[Records for the exercise]
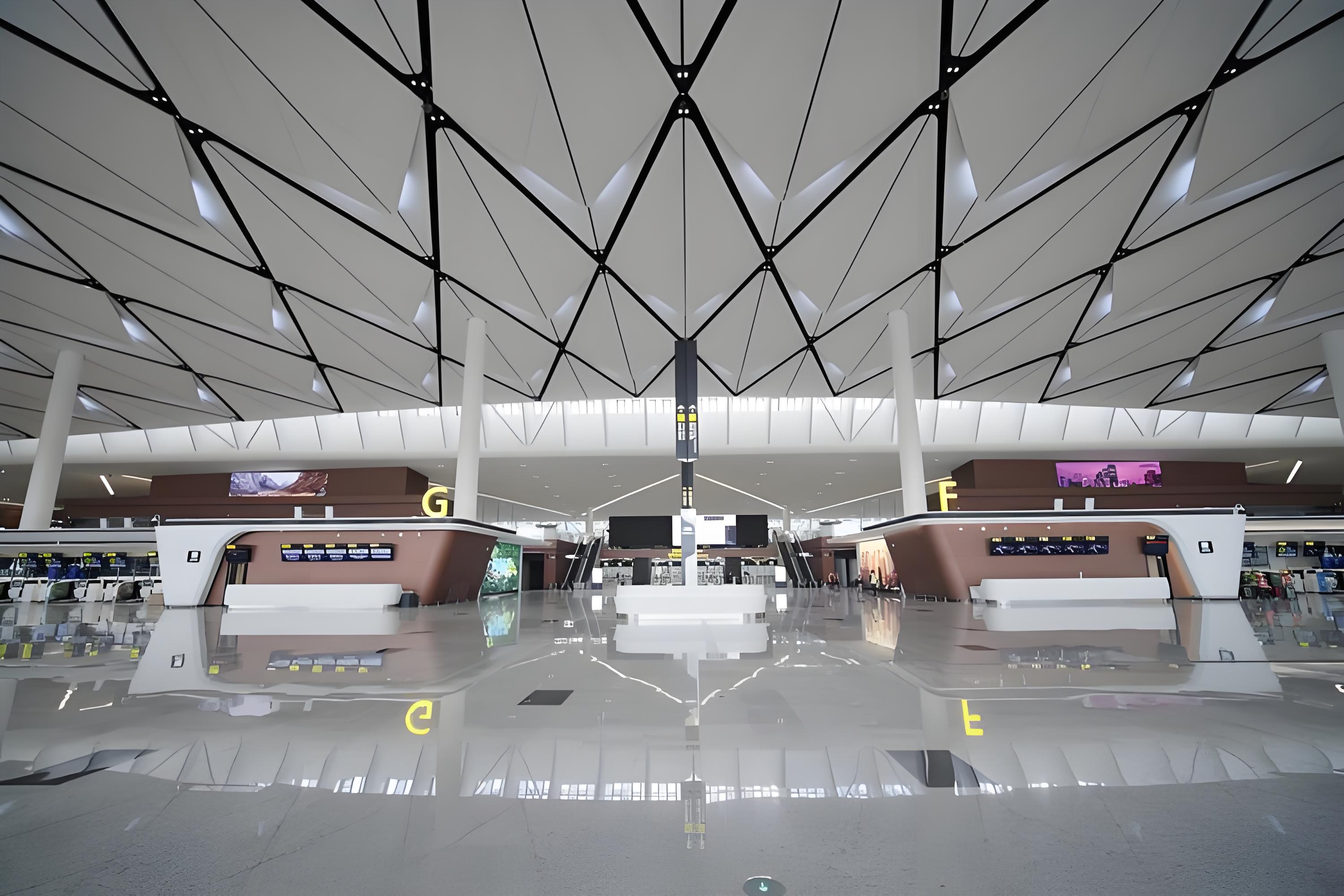 成都天府机场:天府机场航站楼的吊顶设计独特,采用竹叶状和羽毛状造型。其上铺设的漫反射铝卷,不仅天花吊顶外观干净整洁,而且还凭借铝卷让光线均匀反射,大幅提升值机区域亮度,营造光线更柔和、更温馨的候机环境。
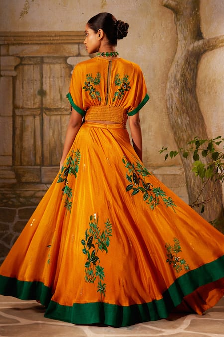 Yellow Chiffon Mirrors, Embroidery V-neck Tropical Twisted Bodice Lehenga Set
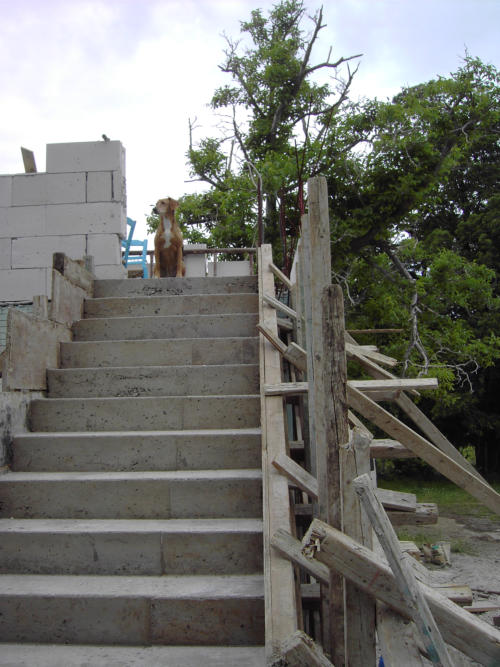 optischen Gründen bekamen die Mauern zum Haus hin jeweils eine Stufe.
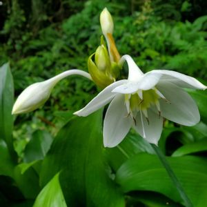 「アマゾンユリ」 別名→アマゾンリリー・ギボウシズイセン ヒガンバナ科 ✳︎純白で引き立ちますが、下向きには咲く ※花言葉→清々しい日々 咲くやこの花館 1/12
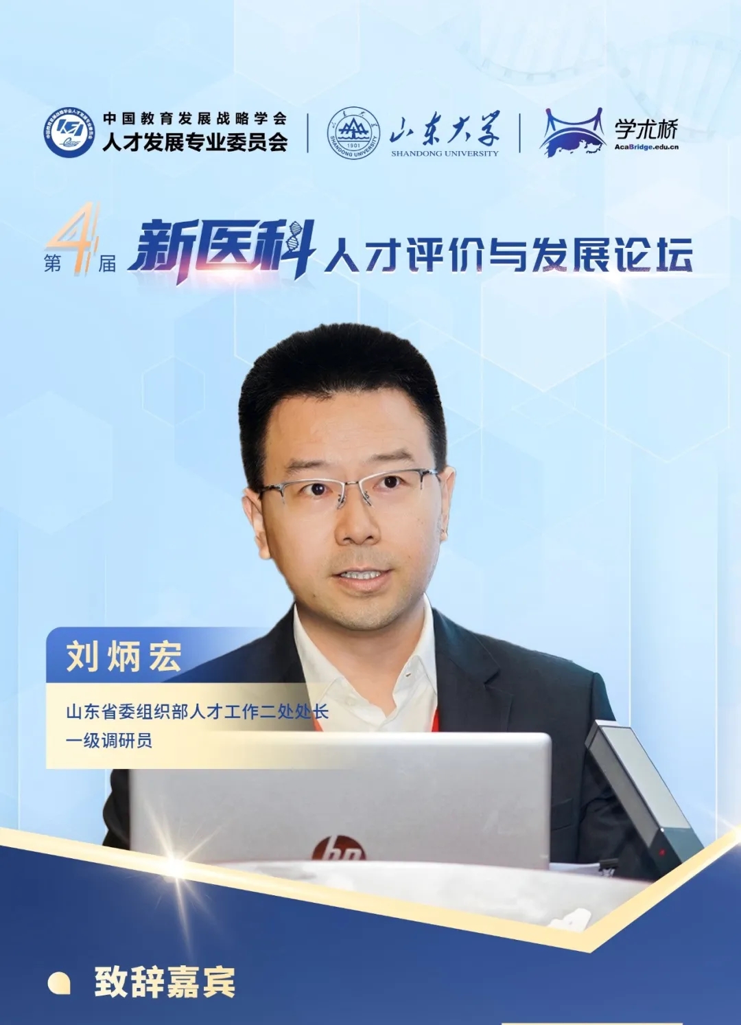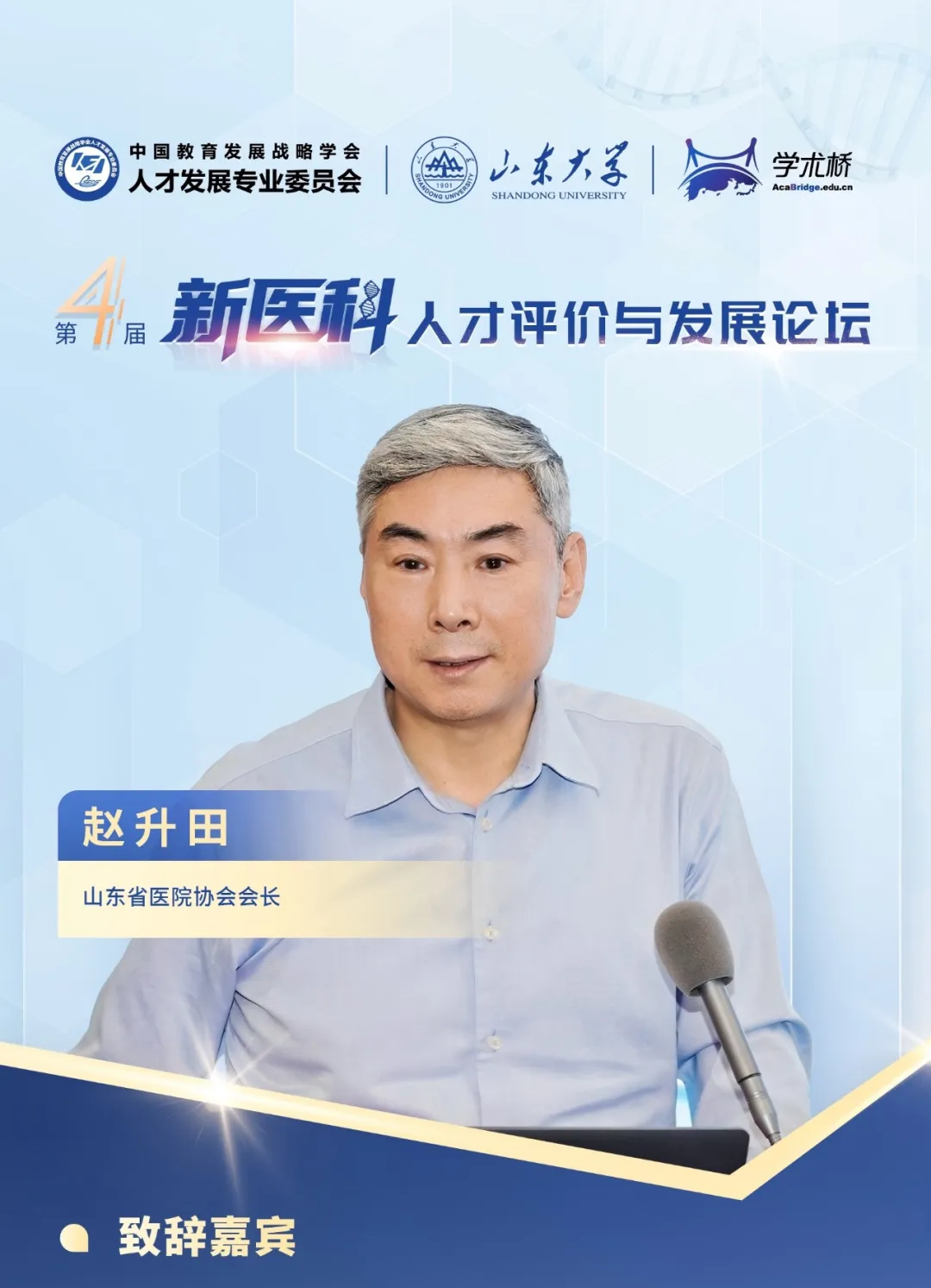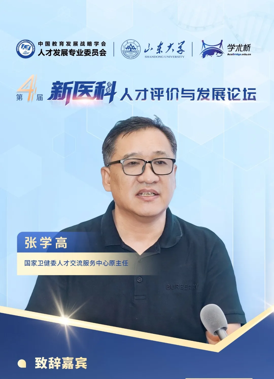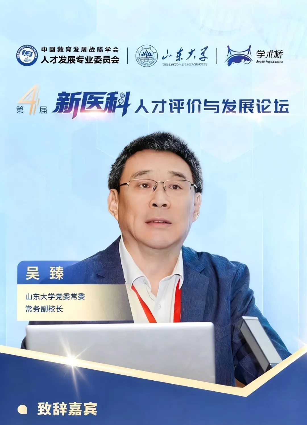 論壇開始,山東大學黨委常委、常務副校長吳臻,中國教育發展戰略學會常務副會長兼人才發展專委會理事長李志民,山東省委教育工委委員、省教育廳黨組成員、副廳長王浩,山東省衛生健康委員會黨組成員、副主任張延安,山東省委組織部人才工作二處處長、一級調研員劉炳宏分別發表致辭。
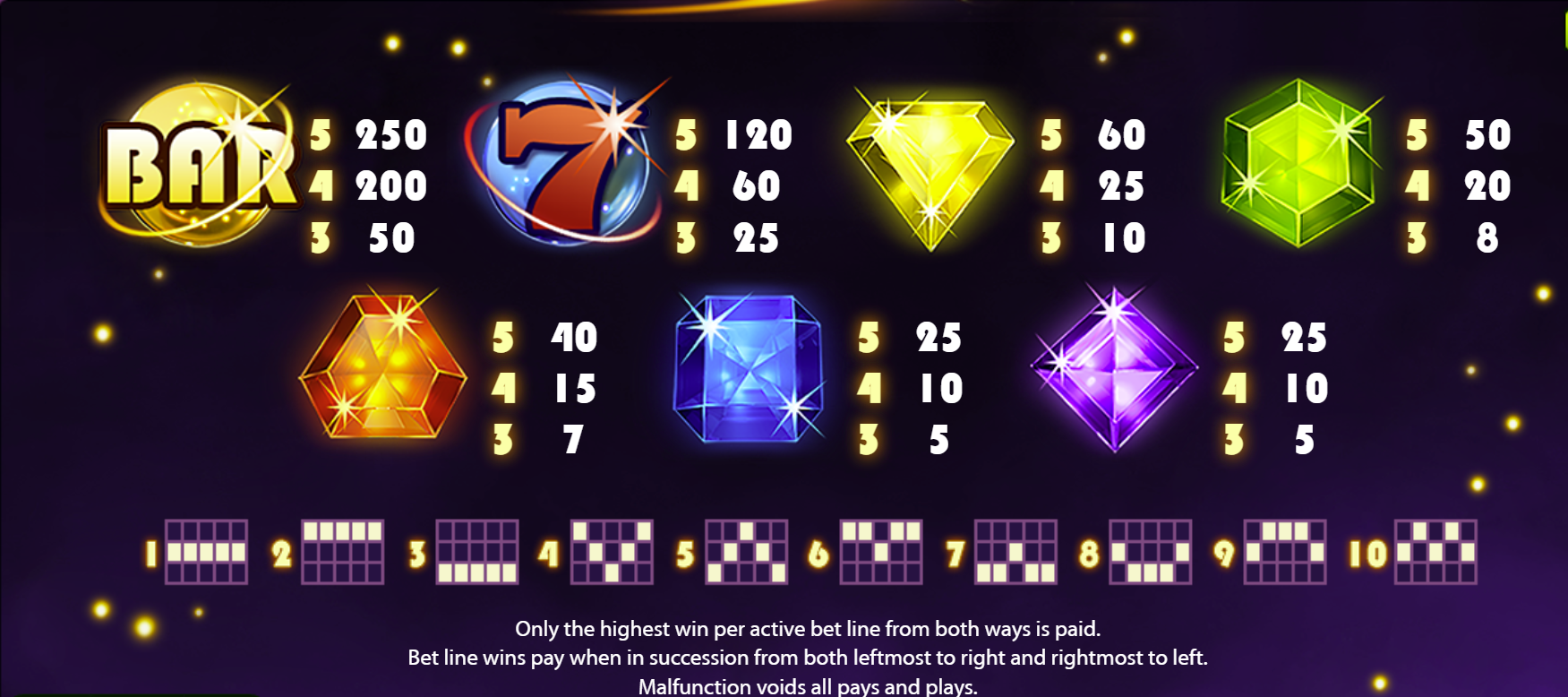 Starburst uses a simple 5-reel, 3-row layout with 10 fixed paylines. Wins are formed by landing matching symbols on adjacent reels from either left to right OR right to left (Both Ways), effectively doubling your chances on every spin. The gameplay is fast-paced, with wins triggering satisfying gem-crushing animations.
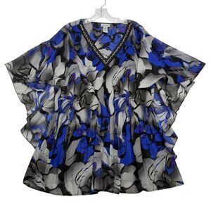Catherines Flutter Sleeve Tunic Top Bold Floral Beaded Neck Flowy Size 1X 18-20W
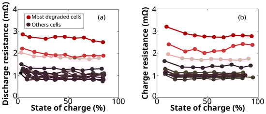 Discharge resistance (a) and charge resistance (b) as a function of the state of charge for the various cells in the module.
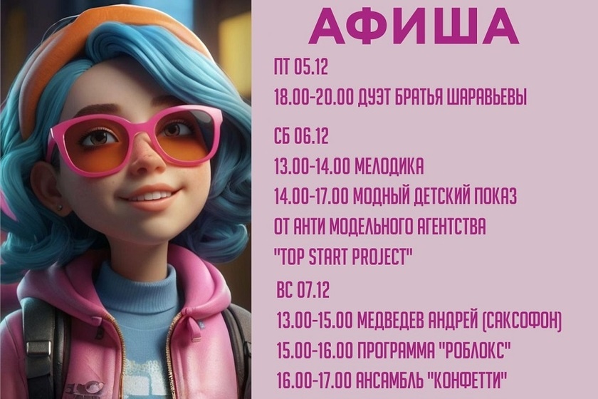 Встречаем первые зимние выходные вместе с ТРЦ «Карнавал»! Как всегда подготовили для вас разнообразную развлекательную программу: Смотрите афишу и приезжайте в ТРЦ «Карнавал» Будет по-зимнему весело! Пятница, 5 декабря 18:00 - 20:00 Дуэт «Братья Шаравьевы» Суббота, 6 декабря 13:00 - 14:00 Мелодика 14:00 - 17:00 Модный детский показ от Анти модельного агенства «TOP START PROJECT» Воскресенье, 7 декабря 13:00 - 15:00 Андрей Медведев (саксофон) 15:00 - 16:00 Программа «Роблакс» 16:00 - 17:00 Ансамбль «Конфетти» 17:00 - 18:00 Ансамбль «Сюрприз» Ждём вас! Вход свободный! 5 - 7 декабря, ТРЦ «Карнавал» (ул. Халтурина, 55, 3 этаж, сцена в зоне фудкорта)
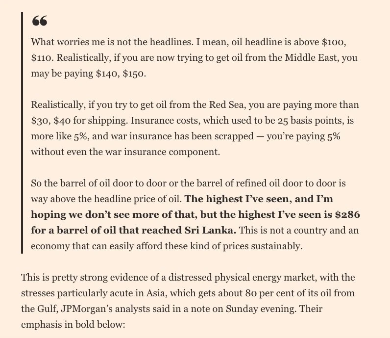 В Шри-Ланке баррель живой нефти был продан по рекордной цене – за 286 долларов, что в три раза выше фьючерсных цен
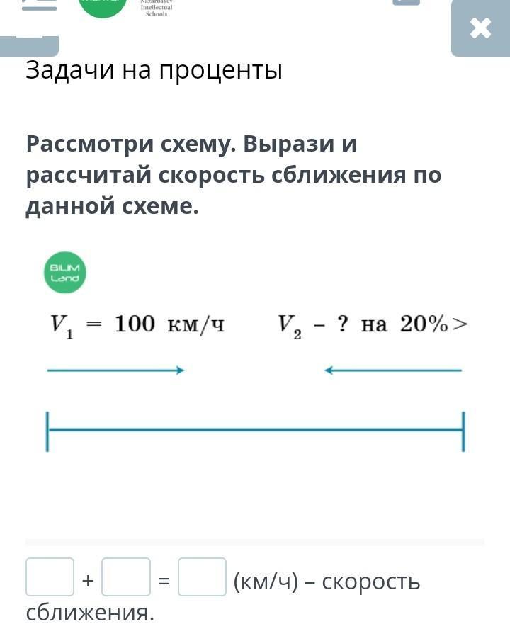 сначала найдем 20% от ста 20×20/100=20; 100+20=120 и это будет скорость сближения
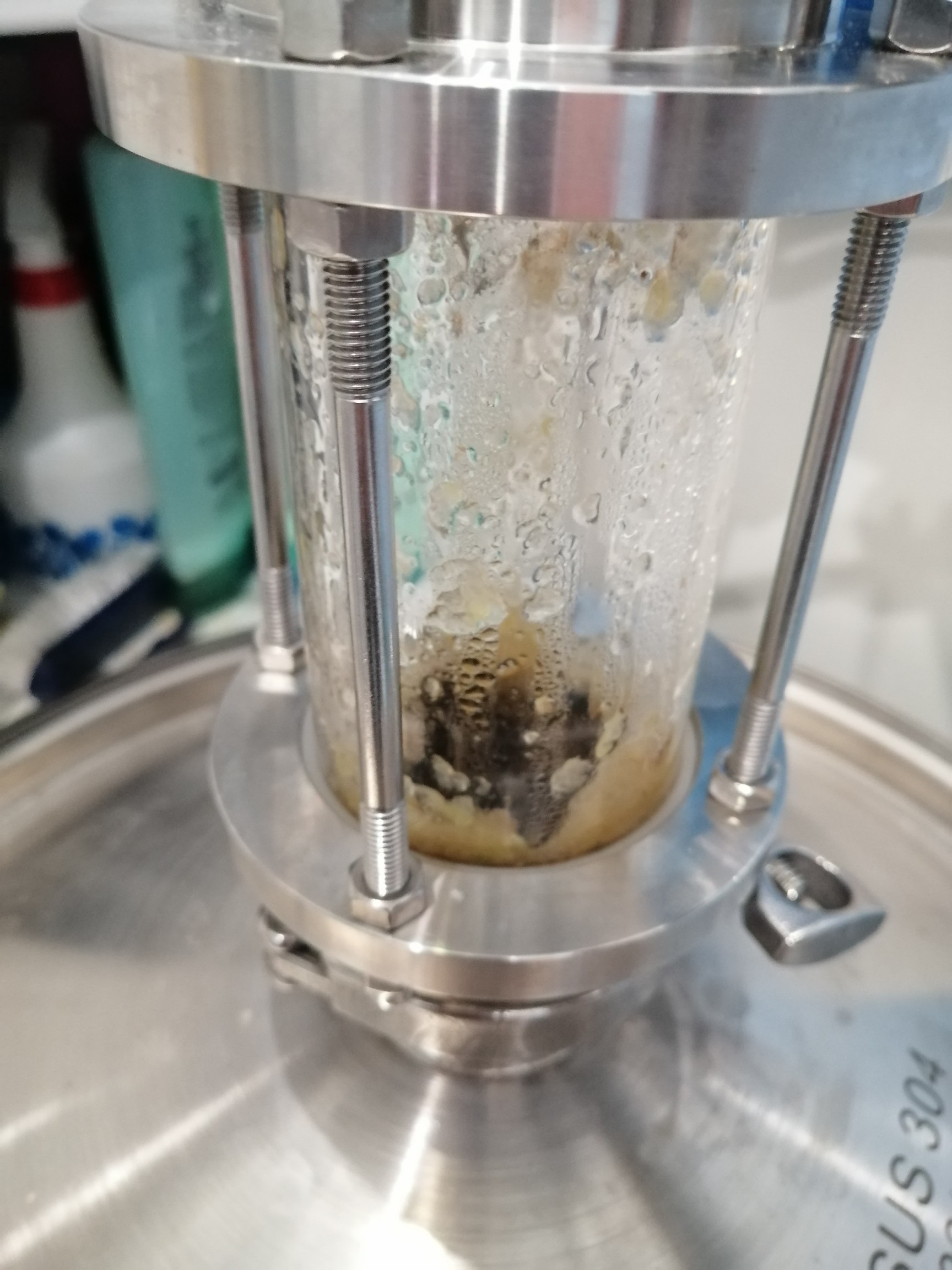 Узел отбора криво собран, там эти шпильки перетянуты и тело диска повело, и узел уже не соосен стал. А дэф после него тем паче криво встал. И капает не симметрично с узла орошения. Меня прям ломать начало на этом моменте. Хотел уже ругаться -воевать с продавцом. Ну какого хуя я отдал такие бабки, и у меня на одну сторону орошает сильнее. Потом бухнул, и думаю-какого хуя, попробую аккуратно выставить шпильки. Прикинул что силиконовая прокладка толстая, и есть некий допустимый ход шпилек чтобы стекло не ебануло. И отрегулировал, просто идеально, уровень пиздос, все точки орошения работают равномерно. Аккреционный диск узла отбора, в который вписаны шпильки выглядит ебано и перетянуто, но сам узел отбора параллелен реальности, и общая ось колонны просто охуенная. Но это может я слишком изысканный любитель спирта. В целом, все узлы аппарата тяжелые и внушают уважение, выглядят по взрослому, ну типа реальная хуерлыга для спирта.

[Work order]
Go to the line above that has "論壇開始,山東大學黨委常委、" and copy exactly from there down to the line that has "Starburst uses a", both included. Leave the pictures out.

[Solution to this exercise]
 論壇開始,山東大學黨委常委、常務副校長吳臻,中國教育發展戰略學會常務副會長兼人才發展專委會理事長李志民,山東省委教育工委委員、省教育廳黨組成員、副廳長王浩,山東省衛生健康委員會黨組成員、副主任張延安,山東省委組織部人才工作二處處長、一級調研員劉炳宏分別發表致辭。
 Starburst uses a simple 5-reel, 3-row layout with 10 fixed paylines. Wins are formed by landing matching symbols on adjacent reels from either left to right OR right to left (Both Ways), effectively doubling your chances on every spin. The gameplay is fast-paced, with wins triggering satisfying gem-crushing animations.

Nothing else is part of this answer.